* What you will do
Leaving out pictures, output exactly the lines below from the one that has "Gemeinsames MINT-Projekt von" through the one that has "Ekosystemet för forskning kräver samarbete.", and nothing else.
--- --- ---
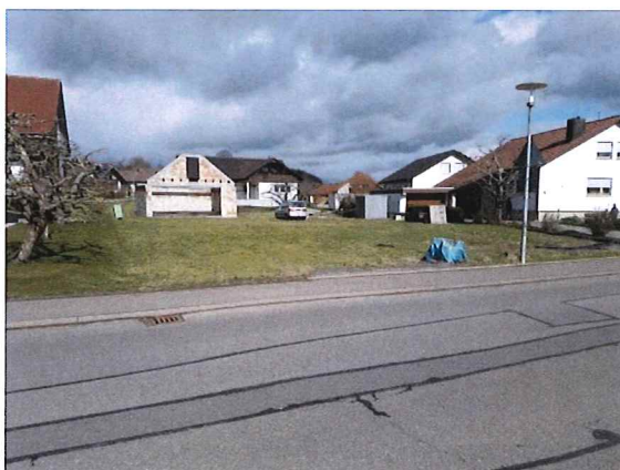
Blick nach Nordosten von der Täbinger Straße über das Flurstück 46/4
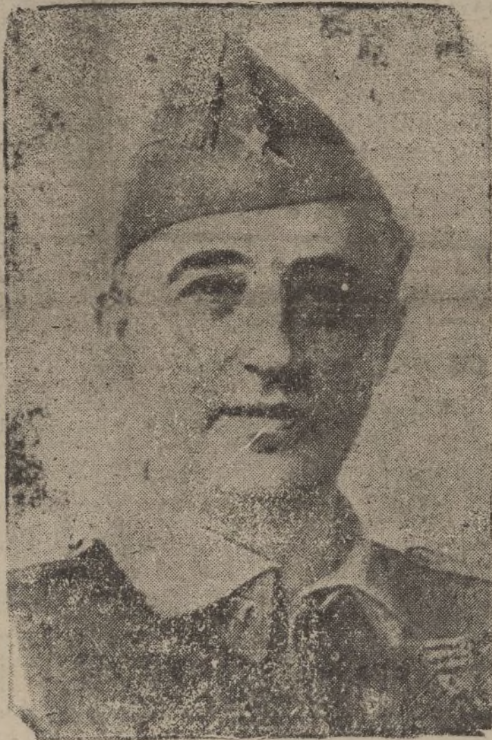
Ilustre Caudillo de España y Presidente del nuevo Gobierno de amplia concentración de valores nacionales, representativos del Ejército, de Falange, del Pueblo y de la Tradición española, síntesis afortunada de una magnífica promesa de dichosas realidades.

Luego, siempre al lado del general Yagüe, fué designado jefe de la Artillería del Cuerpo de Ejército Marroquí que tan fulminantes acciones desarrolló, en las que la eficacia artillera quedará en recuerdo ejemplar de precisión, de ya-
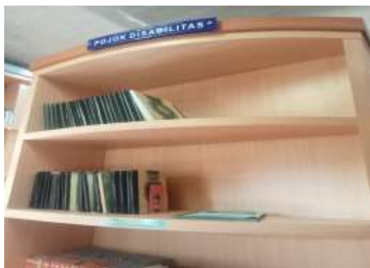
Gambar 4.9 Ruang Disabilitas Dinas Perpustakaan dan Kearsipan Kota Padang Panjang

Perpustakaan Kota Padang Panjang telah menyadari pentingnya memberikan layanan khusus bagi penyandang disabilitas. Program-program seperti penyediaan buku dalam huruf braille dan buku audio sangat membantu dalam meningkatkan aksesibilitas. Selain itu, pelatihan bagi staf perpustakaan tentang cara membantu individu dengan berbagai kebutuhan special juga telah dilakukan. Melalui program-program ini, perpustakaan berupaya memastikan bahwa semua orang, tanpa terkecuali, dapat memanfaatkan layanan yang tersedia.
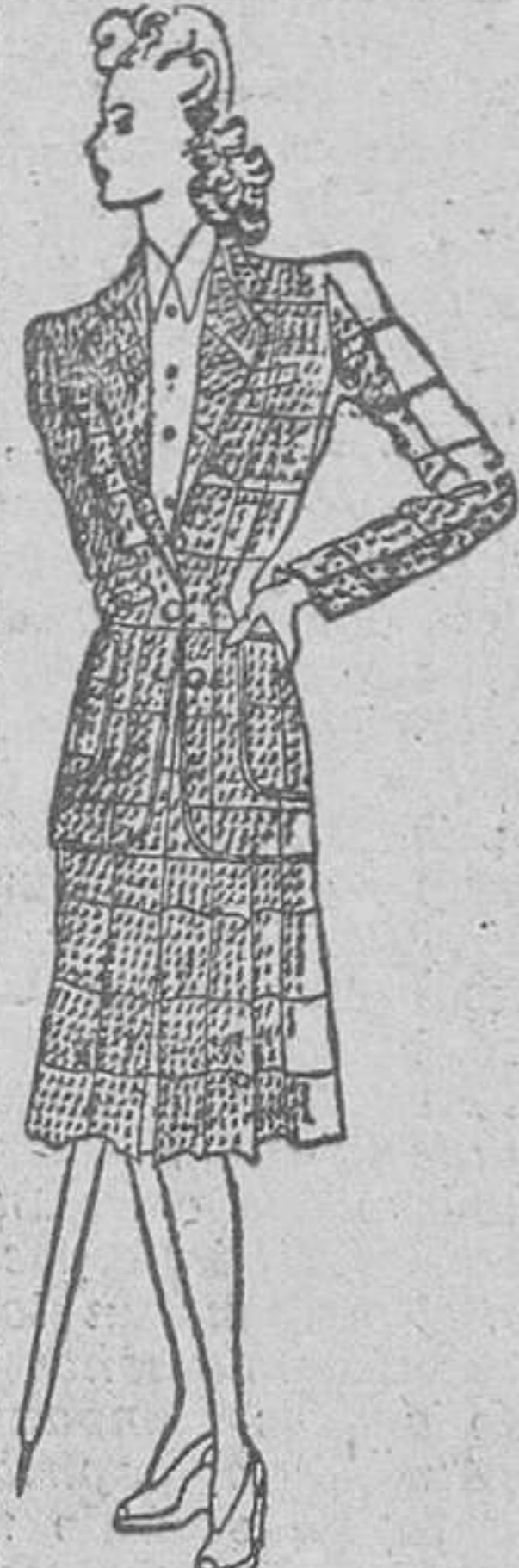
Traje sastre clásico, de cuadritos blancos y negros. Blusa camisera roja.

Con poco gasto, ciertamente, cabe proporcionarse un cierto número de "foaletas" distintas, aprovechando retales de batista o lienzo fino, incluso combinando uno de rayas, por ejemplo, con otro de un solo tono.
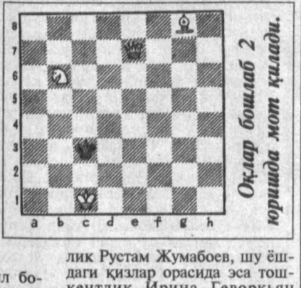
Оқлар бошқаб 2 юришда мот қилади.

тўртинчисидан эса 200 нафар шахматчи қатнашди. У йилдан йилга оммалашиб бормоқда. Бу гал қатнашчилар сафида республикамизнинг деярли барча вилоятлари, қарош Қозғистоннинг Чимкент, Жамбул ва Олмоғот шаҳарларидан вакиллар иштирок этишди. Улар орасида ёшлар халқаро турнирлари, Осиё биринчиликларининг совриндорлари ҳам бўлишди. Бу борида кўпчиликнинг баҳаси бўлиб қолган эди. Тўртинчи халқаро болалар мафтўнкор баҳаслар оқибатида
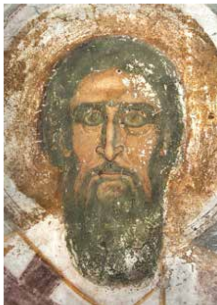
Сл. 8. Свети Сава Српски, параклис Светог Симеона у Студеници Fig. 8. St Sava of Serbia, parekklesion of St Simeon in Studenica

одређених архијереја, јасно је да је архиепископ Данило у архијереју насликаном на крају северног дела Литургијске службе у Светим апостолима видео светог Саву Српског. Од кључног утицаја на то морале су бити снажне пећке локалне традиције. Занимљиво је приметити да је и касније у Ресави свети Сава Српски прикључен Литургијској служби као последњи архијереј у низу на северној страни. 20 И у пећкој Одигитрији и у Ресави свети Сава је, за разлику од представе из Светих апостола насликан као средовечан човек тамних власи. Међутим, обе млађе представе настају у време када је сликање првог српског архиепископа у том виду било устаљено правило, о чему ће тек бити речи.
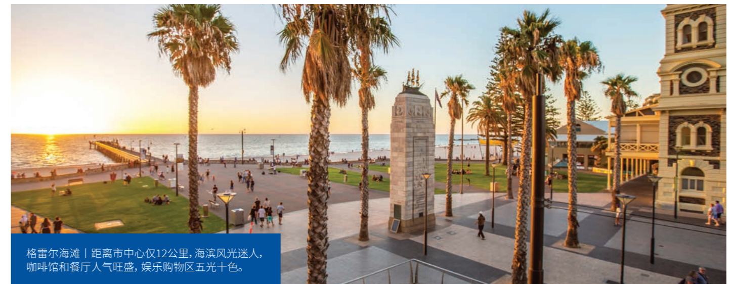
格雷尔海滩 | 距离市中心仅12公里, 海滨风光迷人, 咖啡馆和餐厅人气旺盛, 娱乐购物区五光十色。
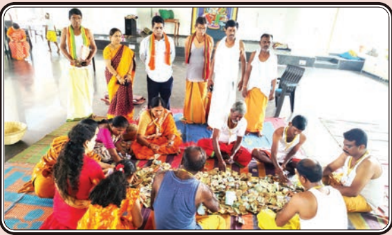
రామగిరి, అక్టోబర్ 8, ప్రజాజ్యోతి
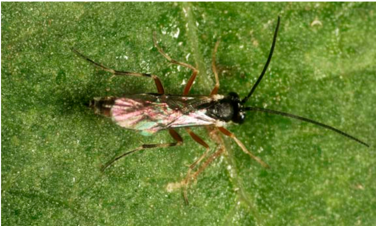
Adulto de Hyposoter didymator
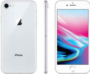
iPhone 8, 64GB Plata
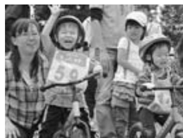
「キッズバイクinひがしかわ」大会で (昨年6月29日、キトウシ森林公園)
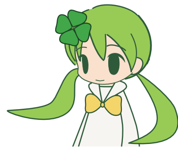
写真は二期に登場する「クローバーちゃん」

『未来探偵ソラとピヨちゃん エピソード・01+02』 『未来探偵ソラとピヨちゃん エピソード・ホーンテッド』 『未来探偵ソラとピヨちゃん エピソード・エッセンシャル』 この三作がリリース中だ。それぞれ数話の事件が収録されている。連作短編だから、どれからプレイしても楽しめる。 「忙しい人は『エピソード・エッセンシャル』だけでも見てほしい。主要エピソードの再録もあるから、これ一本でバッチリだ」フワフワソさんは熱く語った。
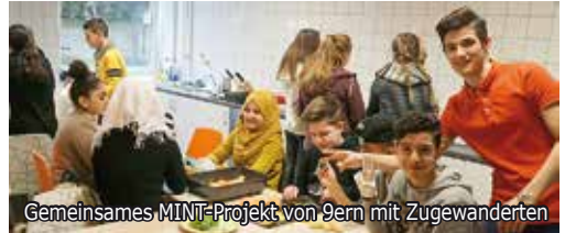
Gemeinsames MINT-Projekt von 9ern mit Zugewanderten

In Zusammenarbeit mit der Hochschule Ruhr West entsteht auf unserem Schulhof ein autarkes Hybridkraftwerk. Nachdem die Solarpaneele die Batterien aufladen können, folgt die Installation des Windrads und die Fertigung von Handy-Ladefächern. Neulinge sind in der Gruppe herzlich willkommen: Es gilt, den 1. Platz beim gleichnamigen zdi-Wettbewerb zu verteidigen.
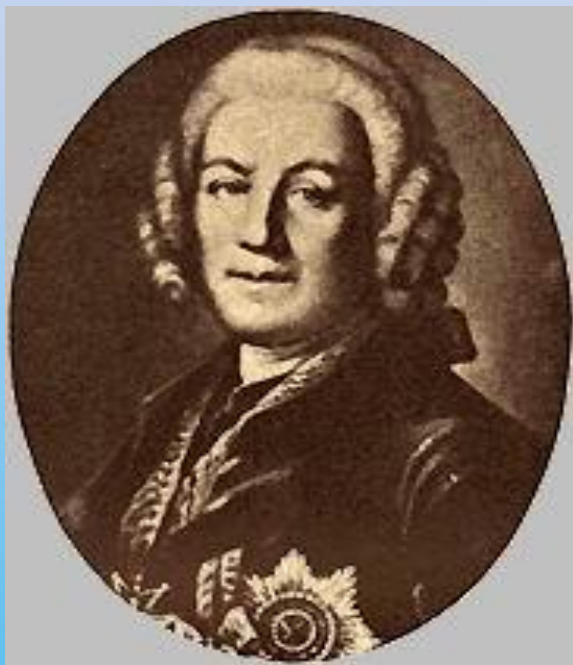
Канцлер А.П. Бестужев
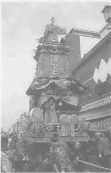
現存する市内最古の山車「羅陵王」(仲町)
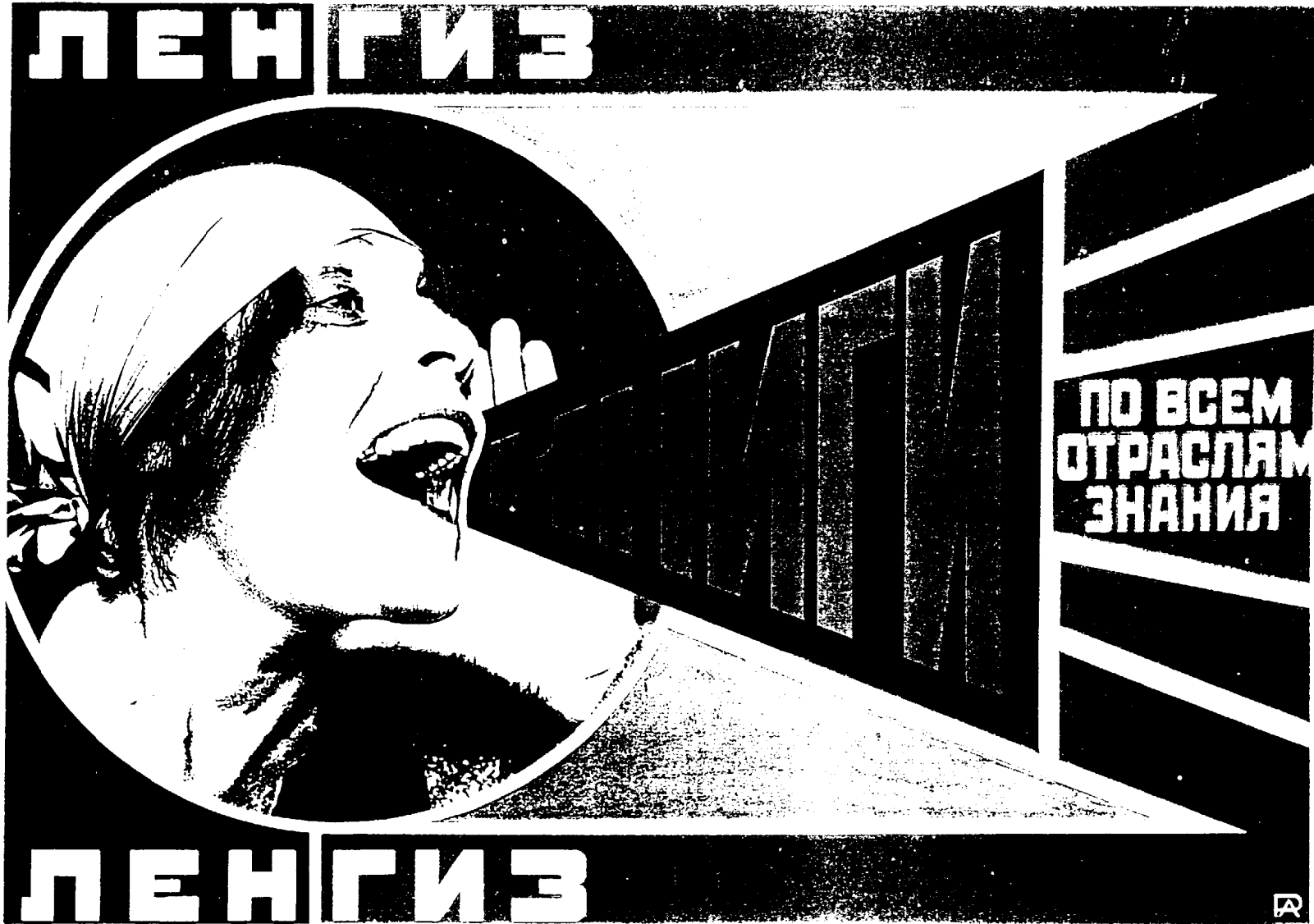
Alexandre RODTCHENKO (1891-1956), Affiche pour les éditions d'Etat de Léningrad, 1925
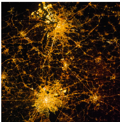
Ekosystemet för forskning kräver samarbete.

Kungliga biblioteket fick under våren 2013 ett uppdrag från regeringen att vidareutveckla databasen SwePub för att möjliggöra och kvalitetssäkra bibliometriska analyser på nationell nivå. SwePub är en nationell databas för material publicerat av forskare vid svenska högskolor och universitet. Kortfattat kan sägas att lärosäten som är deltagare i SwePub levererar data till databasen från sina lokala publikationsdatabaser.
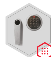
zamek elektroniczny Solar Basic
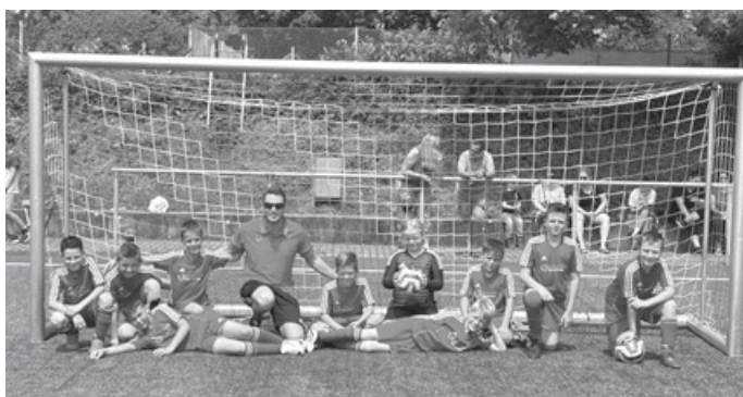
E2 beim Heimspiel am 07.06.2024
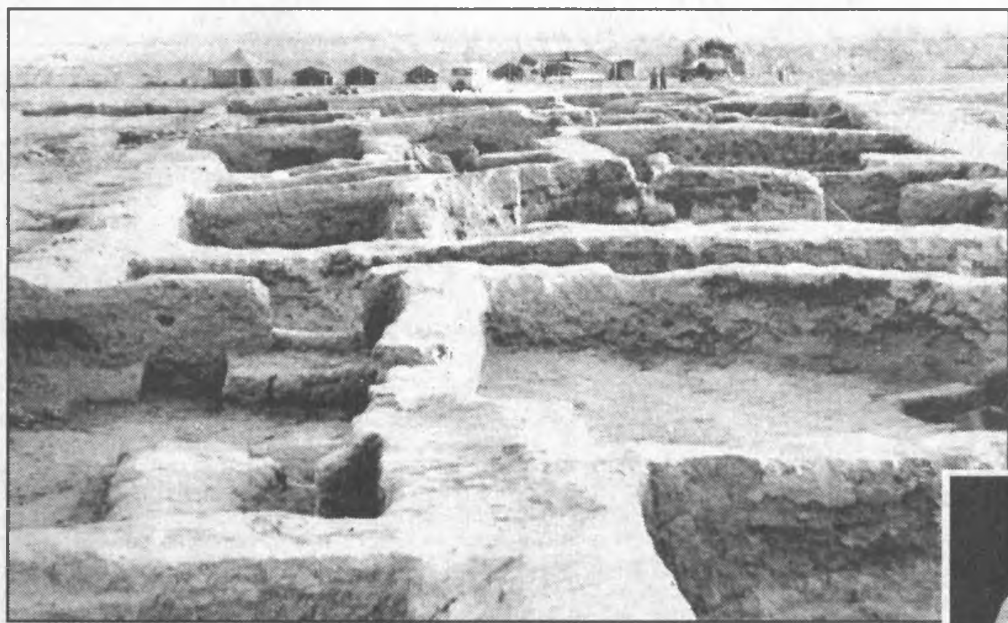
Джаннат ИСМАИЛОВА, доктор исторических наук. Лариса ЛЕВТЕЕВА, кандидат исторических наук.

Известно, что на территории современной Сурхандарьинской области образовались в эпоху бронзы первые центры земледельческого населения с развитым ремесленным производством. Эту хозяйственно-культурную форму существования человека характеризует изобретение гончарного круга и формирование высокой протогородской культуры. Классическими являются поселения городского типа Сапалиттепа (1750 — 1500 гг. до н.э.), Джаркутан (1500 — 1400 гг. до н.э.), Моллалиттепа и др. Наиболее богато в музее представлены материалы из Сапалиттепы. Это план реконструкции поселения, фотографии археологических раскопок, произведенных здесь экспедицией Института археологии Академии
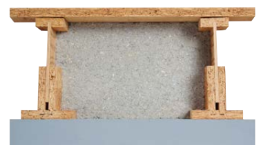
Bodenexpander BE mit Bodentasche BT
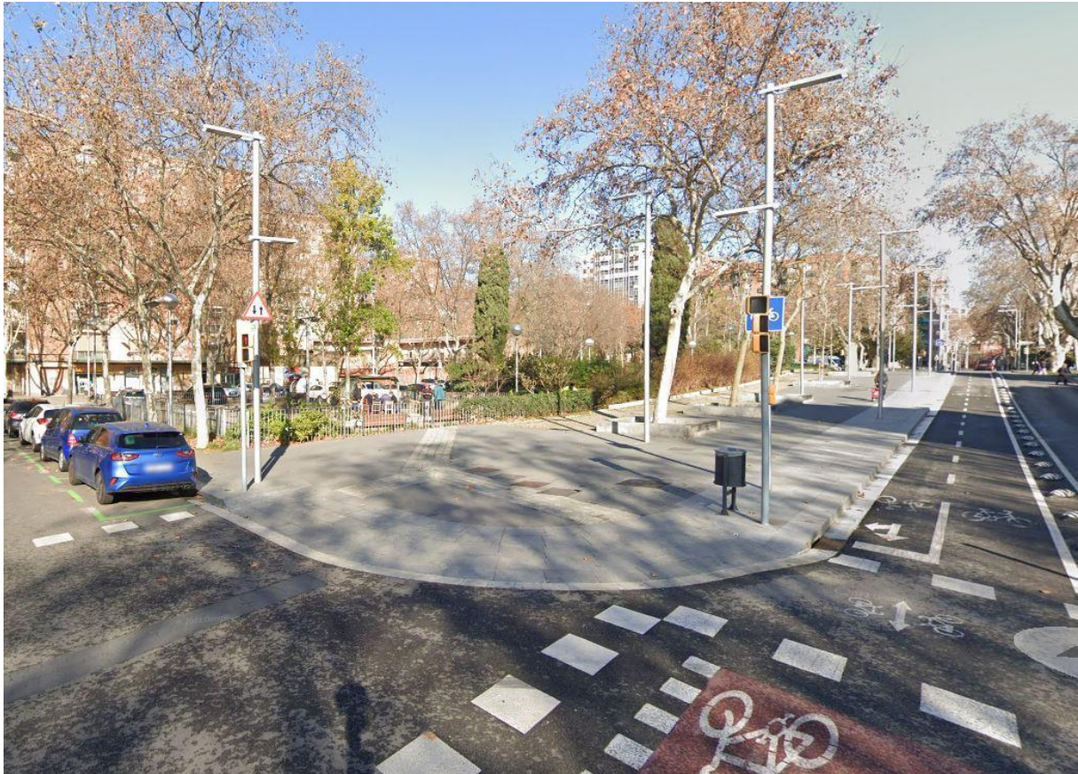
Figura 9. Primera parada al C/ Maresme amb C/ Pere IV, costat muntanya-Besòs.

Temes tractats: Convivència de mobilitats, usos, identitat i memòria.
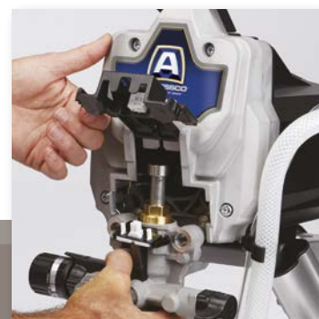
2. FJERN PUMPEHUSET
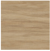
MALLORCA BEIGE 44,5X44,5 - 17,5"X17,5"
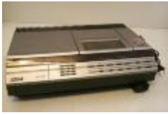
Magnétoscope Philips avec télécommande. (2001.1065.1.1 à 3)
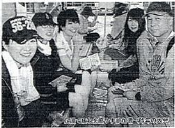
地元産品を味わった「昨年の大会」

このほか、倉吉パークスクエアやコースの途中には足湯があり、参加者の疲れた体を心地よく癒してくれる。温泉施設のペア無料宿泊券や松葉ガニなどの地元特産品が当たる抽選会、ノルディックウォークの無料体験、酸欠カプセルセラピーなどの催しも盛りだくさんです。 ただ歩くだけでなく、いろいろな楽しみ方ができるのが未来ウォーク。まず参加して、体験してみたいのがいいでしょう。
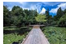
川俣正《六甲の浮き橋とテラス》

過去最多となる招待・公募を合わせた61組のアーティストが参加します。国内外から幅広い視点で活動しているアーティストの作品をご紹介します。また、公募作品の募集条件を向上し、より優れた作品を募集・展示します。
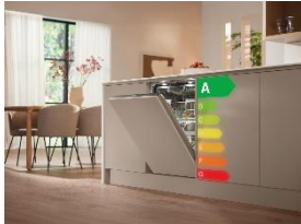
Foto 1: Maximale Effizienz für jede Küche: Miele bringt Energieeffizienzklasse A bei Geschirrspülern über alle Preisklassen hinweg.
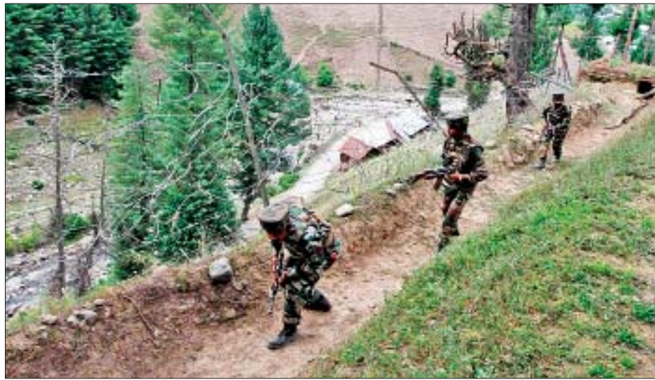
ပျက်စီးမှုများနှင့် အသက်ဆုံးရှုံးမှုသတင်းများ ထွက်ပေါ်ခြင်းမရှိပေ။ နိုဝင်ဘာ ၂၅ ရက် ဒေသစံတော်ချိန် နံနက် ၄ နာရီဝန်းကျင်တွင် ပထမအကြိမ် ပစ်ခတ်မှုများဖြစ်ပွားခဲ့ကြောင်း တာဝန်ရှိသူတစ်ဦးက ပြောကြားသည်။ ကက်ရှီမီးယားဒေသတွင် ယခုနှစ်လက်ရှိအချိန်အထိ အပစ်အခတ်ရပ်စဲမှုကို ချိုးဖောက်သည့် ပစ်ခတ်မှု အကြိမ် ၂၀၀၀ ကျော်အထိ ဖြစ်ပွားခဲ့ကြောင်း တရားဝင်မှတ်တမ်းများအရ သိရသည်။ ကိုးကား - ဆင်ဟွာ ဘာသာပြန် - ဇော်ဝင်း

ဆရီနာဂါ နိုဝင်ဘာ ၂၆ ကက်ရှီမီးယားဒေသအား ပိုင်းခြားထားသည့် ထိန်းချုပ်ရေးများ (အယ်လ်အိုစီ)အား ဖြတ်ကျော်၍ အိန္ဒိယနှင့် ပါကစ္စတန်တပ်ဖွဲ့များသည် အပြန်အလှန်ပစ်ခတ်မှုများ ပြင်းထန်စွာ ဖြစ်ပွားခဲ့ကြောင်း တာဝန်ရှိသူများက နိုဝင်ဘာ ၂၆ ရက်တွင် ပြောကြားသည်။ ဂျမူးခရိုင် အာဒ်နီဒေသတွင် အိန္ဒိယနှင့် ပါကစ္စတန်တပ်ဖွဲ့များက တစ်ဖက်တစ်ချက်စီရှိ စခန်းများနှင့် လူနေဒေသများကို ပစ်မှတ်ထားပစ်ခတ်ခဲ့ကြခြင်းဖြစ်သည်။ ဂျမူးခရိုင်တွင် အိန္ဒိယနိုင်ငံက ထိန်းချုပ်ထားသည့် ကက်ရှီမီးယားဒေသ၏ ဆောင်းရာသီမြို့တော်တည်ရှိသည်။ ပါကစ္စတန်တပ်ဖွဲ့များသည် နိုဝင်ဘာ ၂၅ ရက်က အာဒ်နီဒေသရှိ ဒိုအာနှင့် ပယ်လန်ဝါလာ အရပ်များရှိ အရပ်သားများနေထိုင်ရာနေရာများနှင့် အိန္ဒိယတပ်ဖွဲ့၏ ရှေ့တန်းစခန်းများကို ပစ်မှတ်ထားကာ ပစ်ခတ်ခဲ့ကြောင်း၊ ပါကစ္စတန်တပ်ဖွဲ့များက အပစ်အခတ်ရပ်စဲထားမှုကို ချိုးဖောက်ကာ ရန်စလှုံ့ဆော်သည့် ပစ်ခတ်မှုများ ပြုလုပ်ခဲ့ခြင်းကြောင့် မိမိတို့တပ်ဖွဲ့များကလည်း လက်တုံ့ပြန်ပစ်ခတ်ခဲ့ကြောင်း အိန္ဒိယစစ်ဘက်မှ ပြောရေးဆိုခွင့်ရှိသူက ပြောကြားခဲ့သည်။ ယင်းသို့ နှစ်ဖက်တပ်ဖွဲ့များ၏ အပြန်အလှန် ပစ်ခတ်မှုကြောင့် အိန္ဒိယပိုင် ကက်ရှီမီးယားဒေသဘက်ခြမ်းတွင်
--- --- ---
* Task result
Gemeinsames MINT-Projekt von 9ern mit Zugewanderten

In Zusammenarbeit mit der Hochschule Ruhr West entsteht auf unserem Schulhof ein autarkes Hybridkraftwerk. Nachdem die Solarpaneele die Batterien aufladen können, folgt die Installation des Windrads und die Fertigung von Handy-Ladefächern. Neulinge sind in der Gruppe herzlich willkommen: Es gilt, den 1. Platz beim gleichnamigen zdi-Wettbewerb zu verteidigen.
Канцлер А.П. Бестужев
現存する市内最古の山車「羅陵王」(仲町)
Alexandre RODTCHENKO (1891-1956), Affiche pour les éditions d'Etat de Léningrad, 1925
Ekosystemet för forskning kräver samarbete.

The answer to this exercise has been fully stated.